It was mostly sunny  when  I began my hike on  the leaf covered trail.  It is so different here in mid-November. In the warm months the wetlands are so colorful and alive. Bird song, frog peeping and croaking, and insects buzzing and chirping fill the air. On Saturday it was quiet and somber as I walked on the brown fallen leaves. 

However there was still some color as a few  colorful leaves still clung to the trees, shrubs and vines along the trail including the red oak leaves, 

the  blackberry brambles.

the yellow maples.

Although many of the berries had already been consumed by the birds that remained in the wetlands,  a few still clung to the bare branches including the common winterberry and

autumn olive. 

And, although it was quiet and there was a lot less wildlife activity in the warmer months I still saw a few birds as I walked under the bare trees in the wetlands. A few song sparrows fluttered in the leafless trees. 

and I saw what I think are a few pine siskins. Again, when I am unsure of an identification, please feel free to comment and correct me. 

There were also quite a few white-throated  sparrows  fluttering near the ground.

And  a few chipmunks and squirrels gathering and storing acorns.
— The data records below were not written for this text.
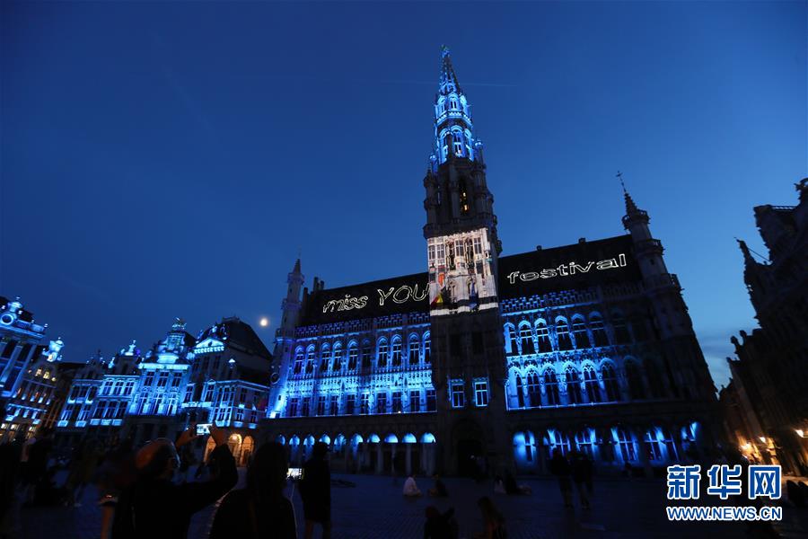 7月29日,比利时布鲁塞尔大广场的市政厅外墙上投射出“想念你,节日”的字样。 7月29日,比利时布鲁塞尔大广场举行大型声光秀。艺术家在市政厅等历史建筑上投影文字和图案,纪念这个夏天受新冠疫情影响而不能如期举办的文化活动。 新华社记者 郑焕松 摄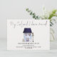 A fun design for cat owners to let everyone know your new address. Stylish handwriting style set script is at the top My Cat And I Have Moved, and easily personalise the text at the bottom with your details. A cute illustration of a house with a lamp post and cat is in the centre.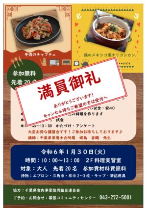 1月30日(火)「食肉料理講習会」満員御礼!!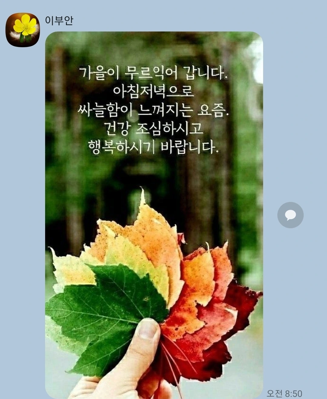 익어가는 게 가을만 있겠습니까. 관계도 익어가고 마음도 익어가고 사랑도 익어갑니다. 추워지니 따뜻한 온실이 그립듯 사람도 그리워집니다. 어제 모처럼 병원생활 함께한 동생을 만나 수다를 떨었더니 추위로 움츠렸던 마음에 온기가 스며들었습니다. 따뜻함은 이불속이 아니라 사람에게서 느껴야 합니다. 36.5도 끼리 함께하면 100도씨 이상의 열로 얼었던 마음을 녹입니다. 오늘도 사람의 온기로 따뜻하게 보내세요^^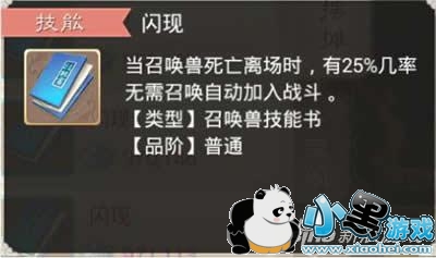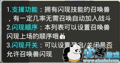 ps:支援顺序是优先考虑排第一位的召唤兽,并不是说如果第一个没闪出来继续考虑第二个,排第一的如果这回合没有闪现出来本回合是不会继续往下判定后面顺序召唤兽闪现技能是否生效的。简单说来就算带10个高级闪现的召唤兽没闪出来的概率还是65%,而不是65%的10次方。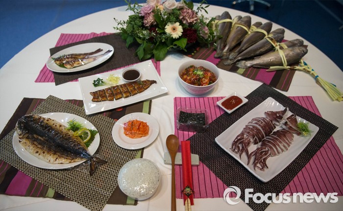 (서울=포커스뉴스) 28일 오전 서울 삼성동 코엑스에서 열린 2016 귀어귀촌 박람회장에서 한 참가 부스가 해산물 밥상을 전시해놓고 있다.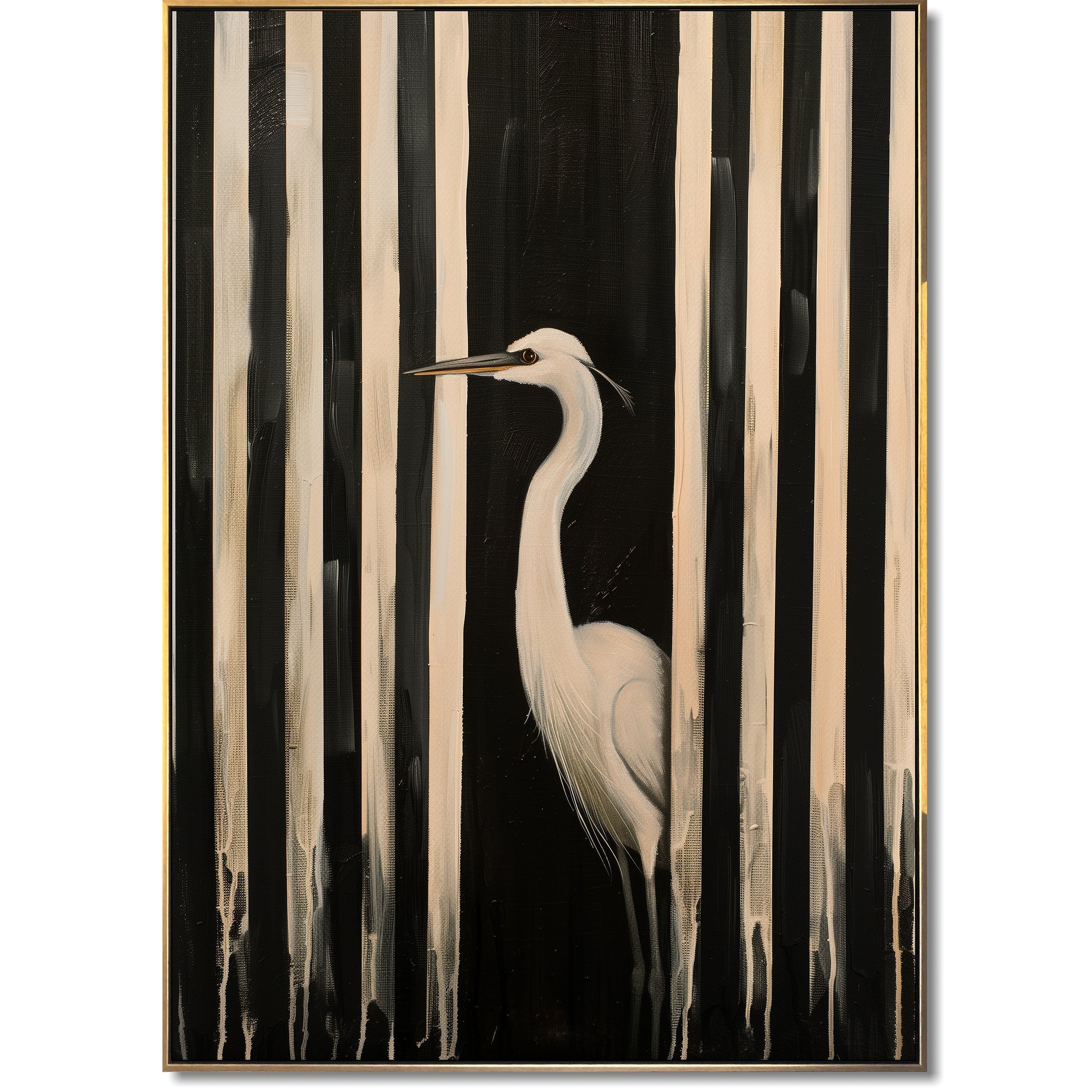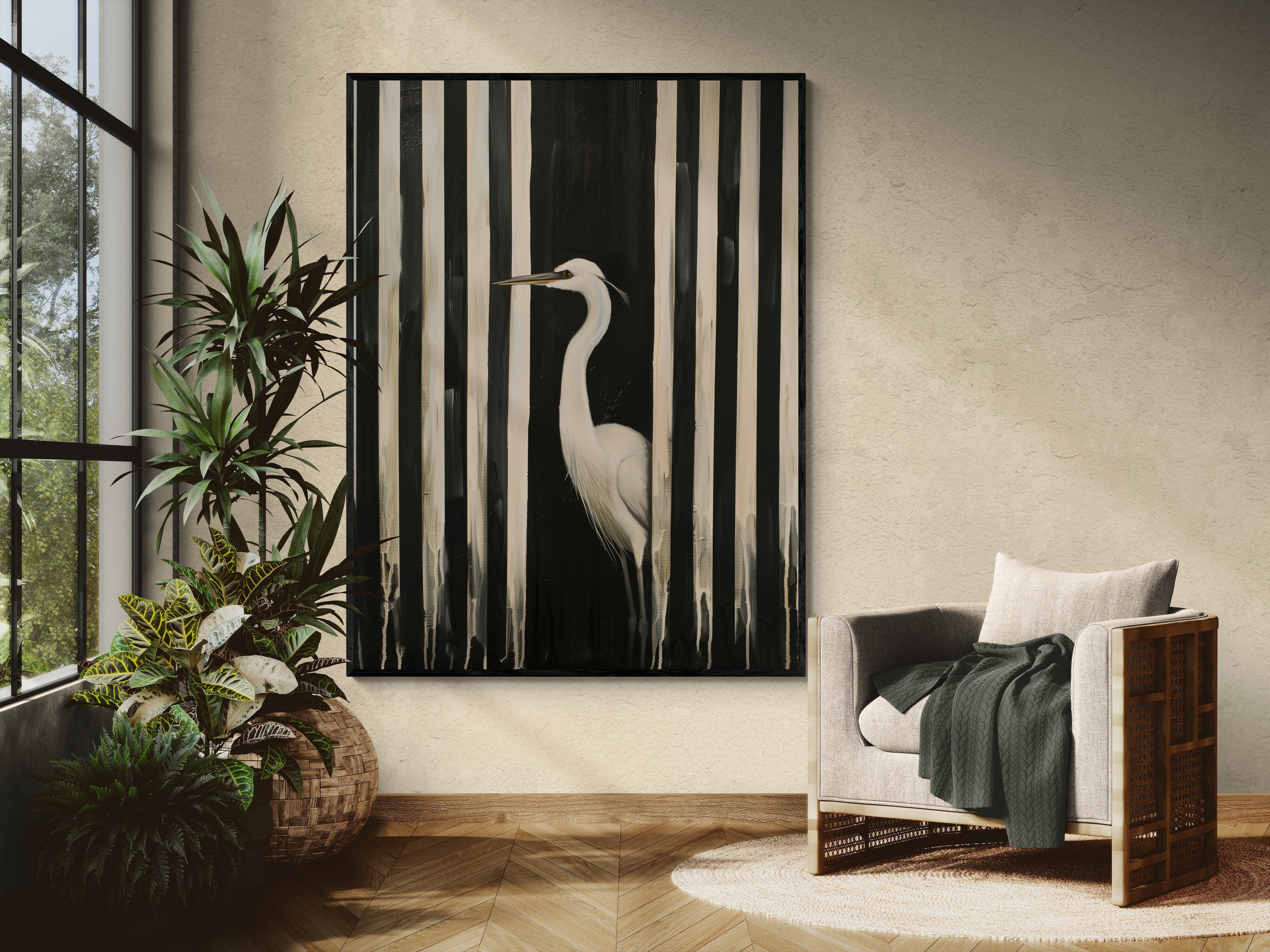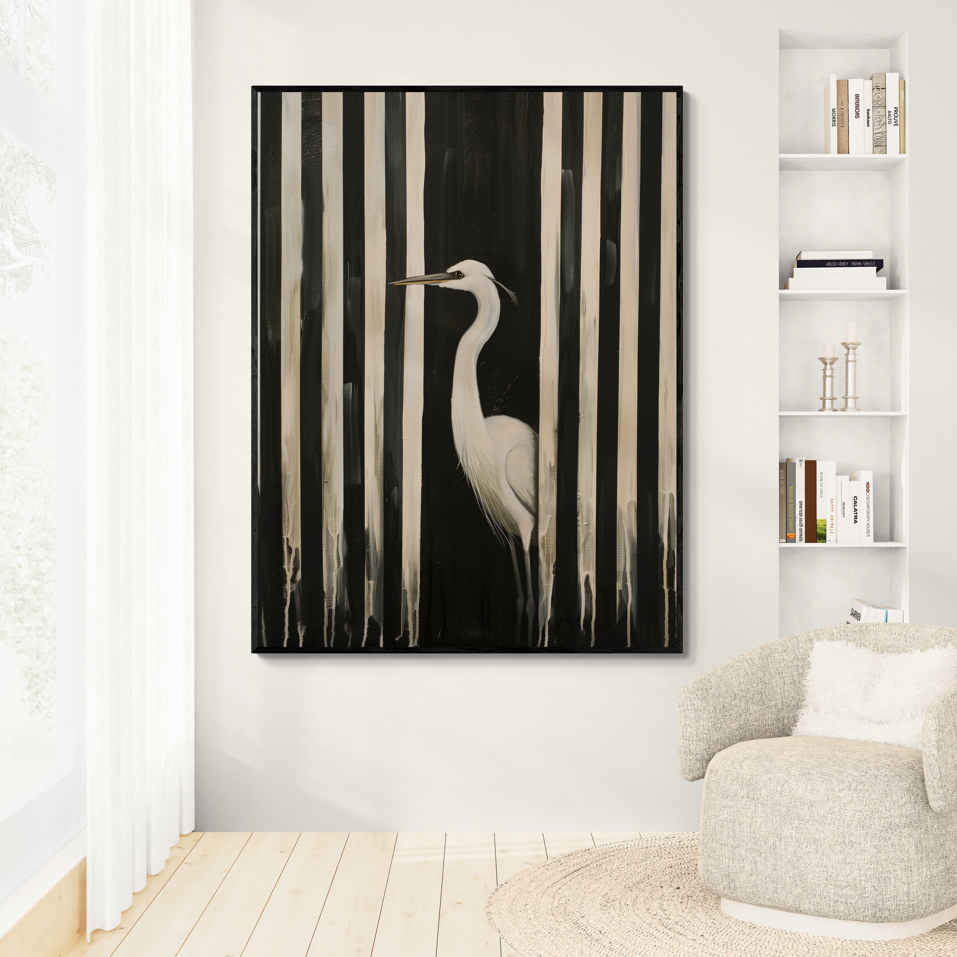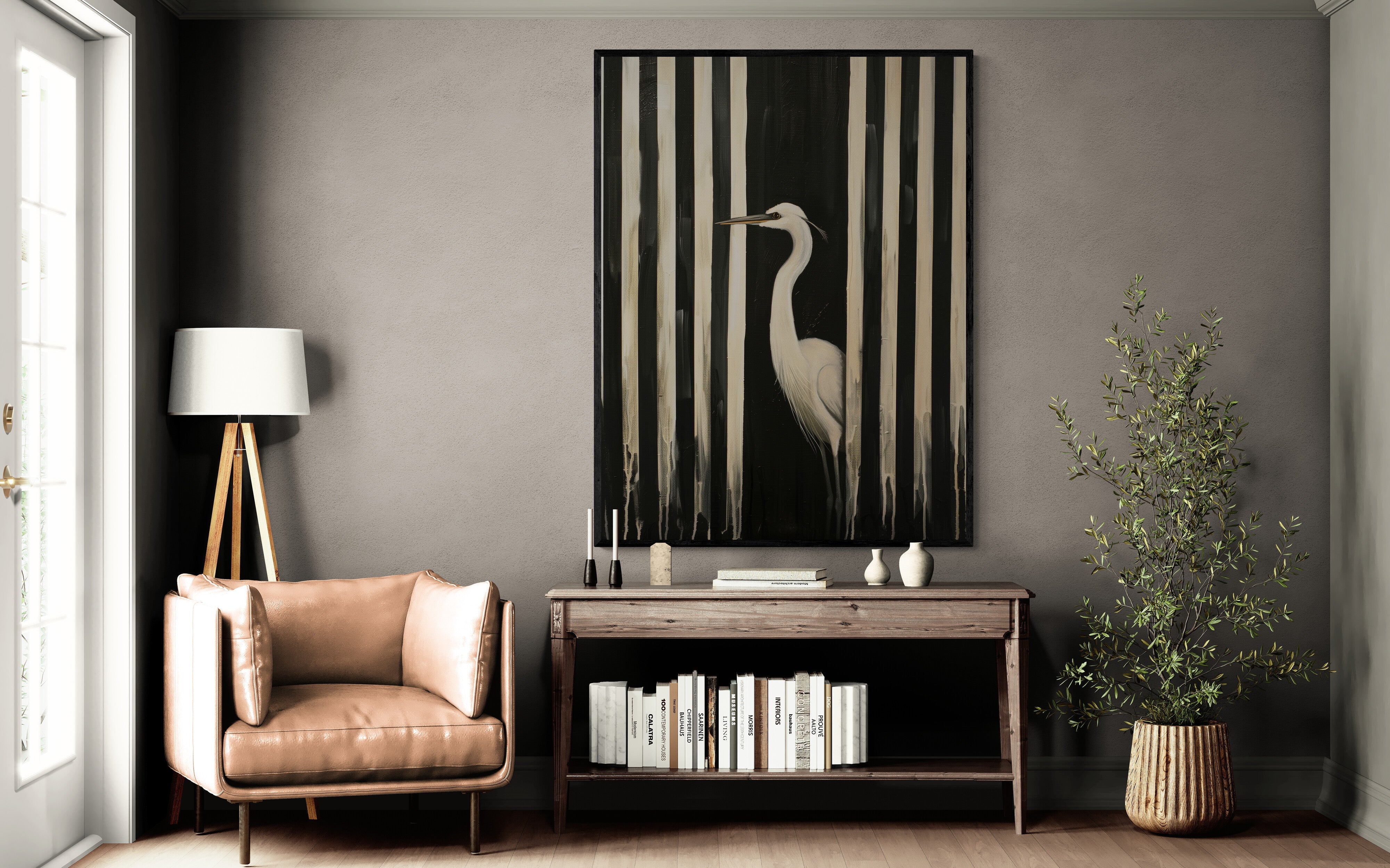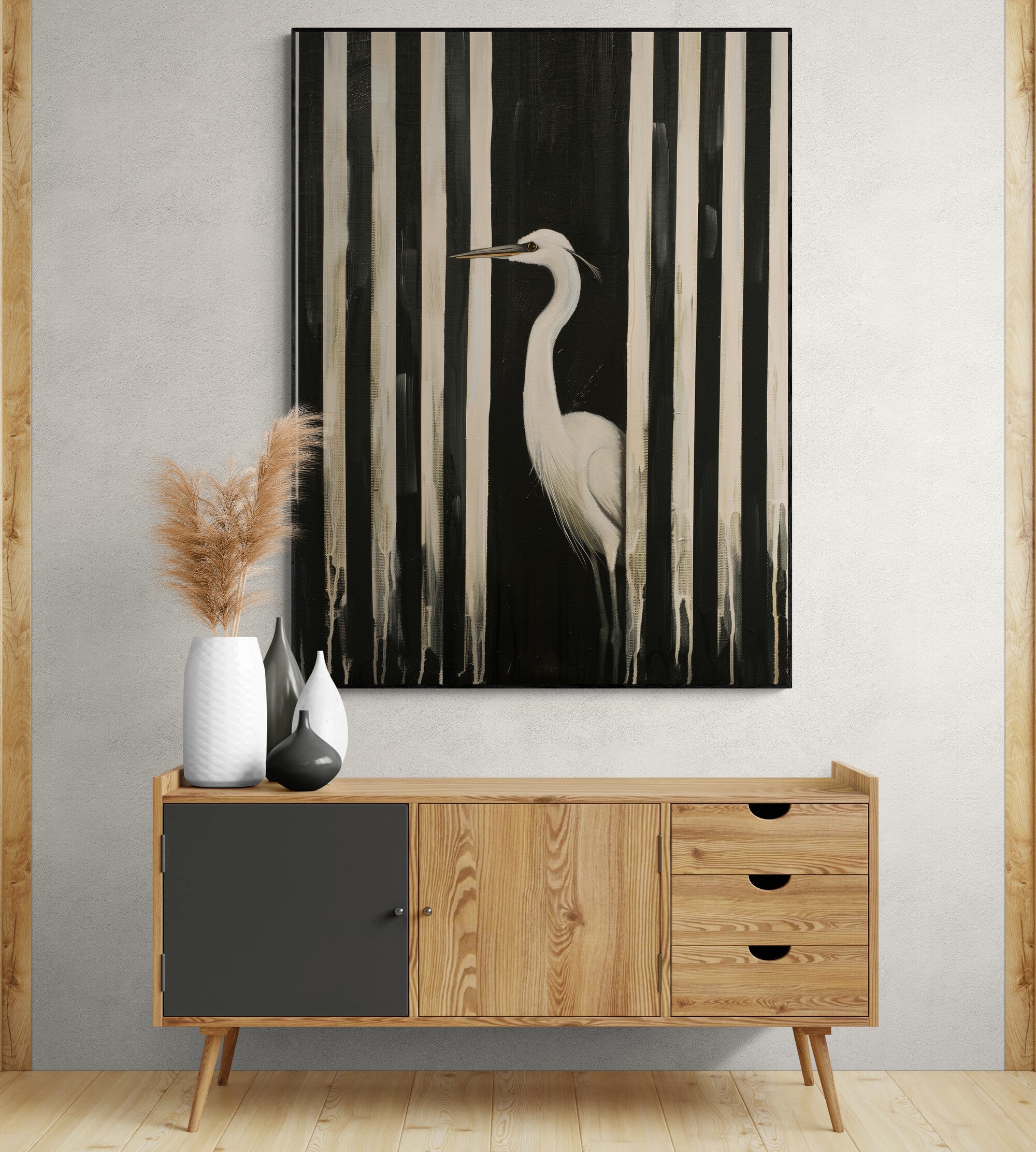 Large White Heron Painting, Minimalist Black Bird Art, Elegant Modern Wildlife Wall Decor | TrendGallery | Trend Gallery Art Great Britain – Trendgallery.co.uk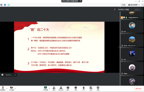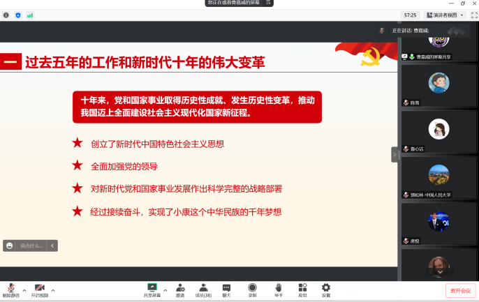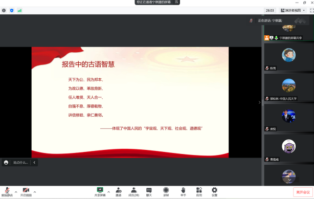 接着由中国人民大学财政金融学院2019级金融博士党支部的宁祺器同志,从三个方面带领大家学习和领悟了党的二十大报告。首先,宁祺器同志从“数”说二十大开始,为党员同志们详细介绍了党的二十大报告中的一些重要内容,其中包括:一个中心任务、第一要务、两个行、两步走、三个务必、三件大事、五项重大原则、五个“必由之路”和六个“必须坚持”。其次,结合报告中引用的一些经典名句,宁祺器同志深入讲解了中国人民的“宇宙观、天下观、社会观和道德观”。最后,宁祺器同志以习近平总书记对青年人的期盼收尾,号召员工党员应把党的二十大报告的学习与自己的学习生活实际紧密结合起来,坚定理想信念,筑牢精神之基,不负时代、不负韶华、不负党和人民的殷切期望。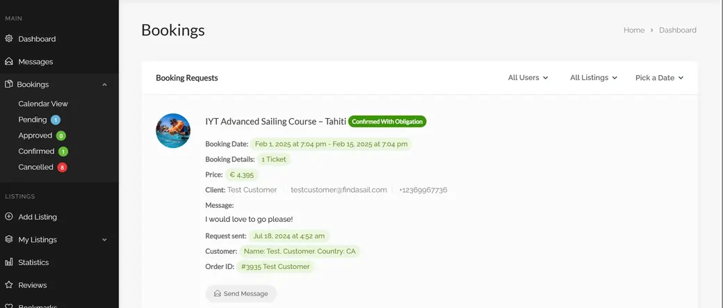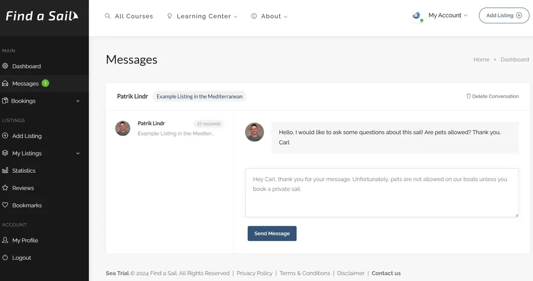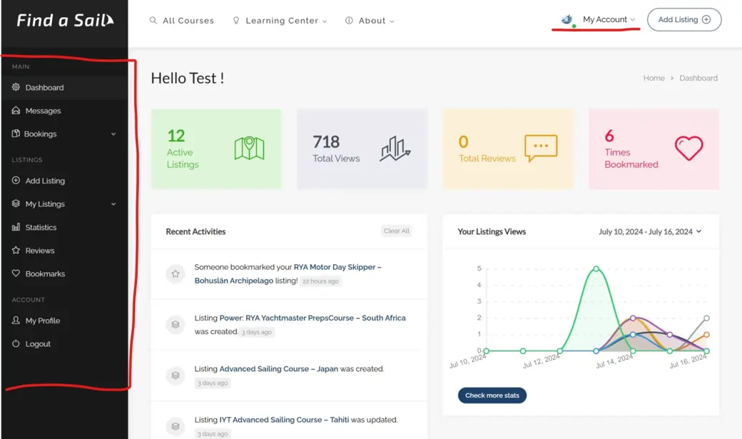 Dashboard is your central hub where you can manage everything related to your Find a Sail profile, bookings, communications, listings, statistics, and reviews. The dashboard overview gives you a quick sumup of your listings, trends, and statistics.
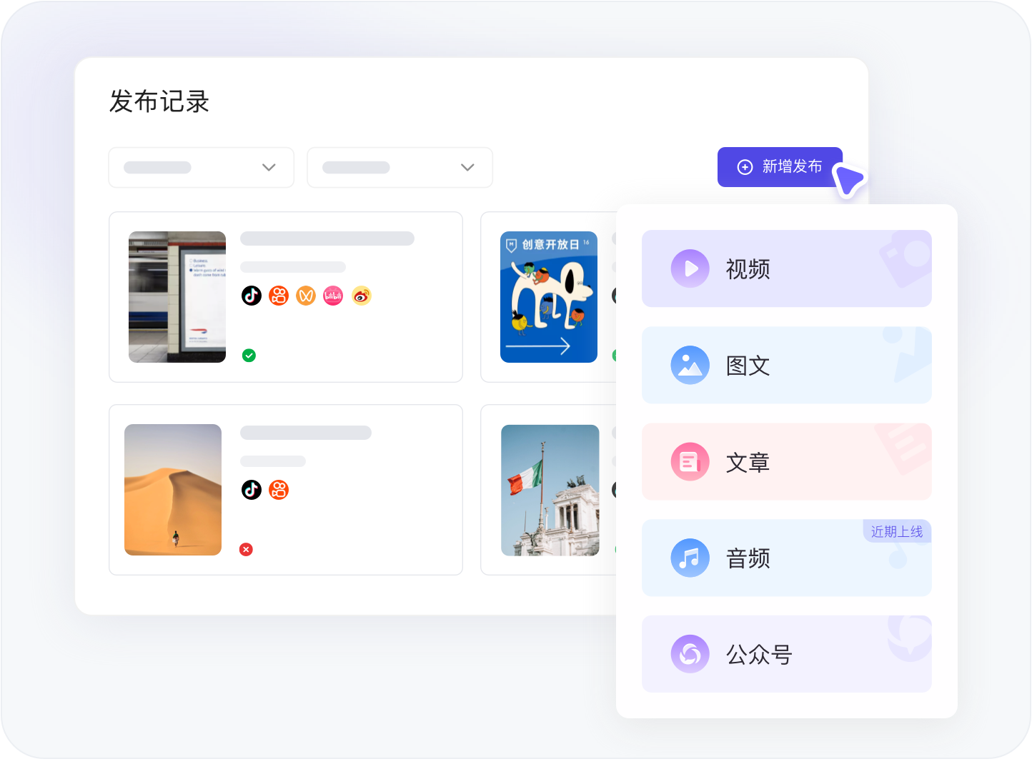 支持多平台视频、图文、文章一键发布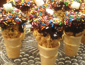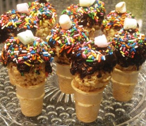 Since she loves assisting her mom, and grandma, in the kitchen, making the rice krispies was a lot of fun for her. Her favorite part was dipping the cones in sprinkles…..lots of sprinkles, as you can see.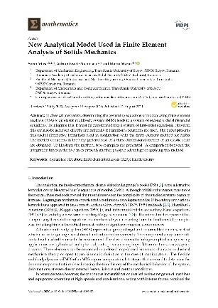 Prof. univ. dr. ing. Sorin VLASE, dr. ing. Adrian Eracle NICOLESCU, Prof. univ. dr. ing Marin MARIN pentru lucrarea New Analitical Model Used in Finite Element Analysis of Solids Mechanics

Some clouds formed as I walked over to the river lands area of the preserve. 

Near lake Took-A While I heard a pair of king fishers chattering as they flew overhead but they didn’t get near enough for me to get a photograph.

As I walked along the lake I  noticed this mockingbird  on a tree branch. I believe it is the same one that returns every fall and remains here for the Winter. 

There were also a few cardinals 

and woodpeckers in the trees along the trail. 

There was still some green along the trail,  mostly a few species of fern including the intermediate or evergreen fern 

and the Christmas fern. 

Garlic mustard, a cold weather plants, also was growing along the trail.

I hope I am wrong on the identification of this  plant. It is poison hemlock according to my  iPhone plant identification app.   It is not a plant you want to  touch or eat. It could be lethal to humans and animals. 

In contrast to this deadly plant I found one last flower blooming on my five mile hike, a pretty wild New England  aster. It will probably but the last flower I see here in the wetlands and riverlands  until the Spring. 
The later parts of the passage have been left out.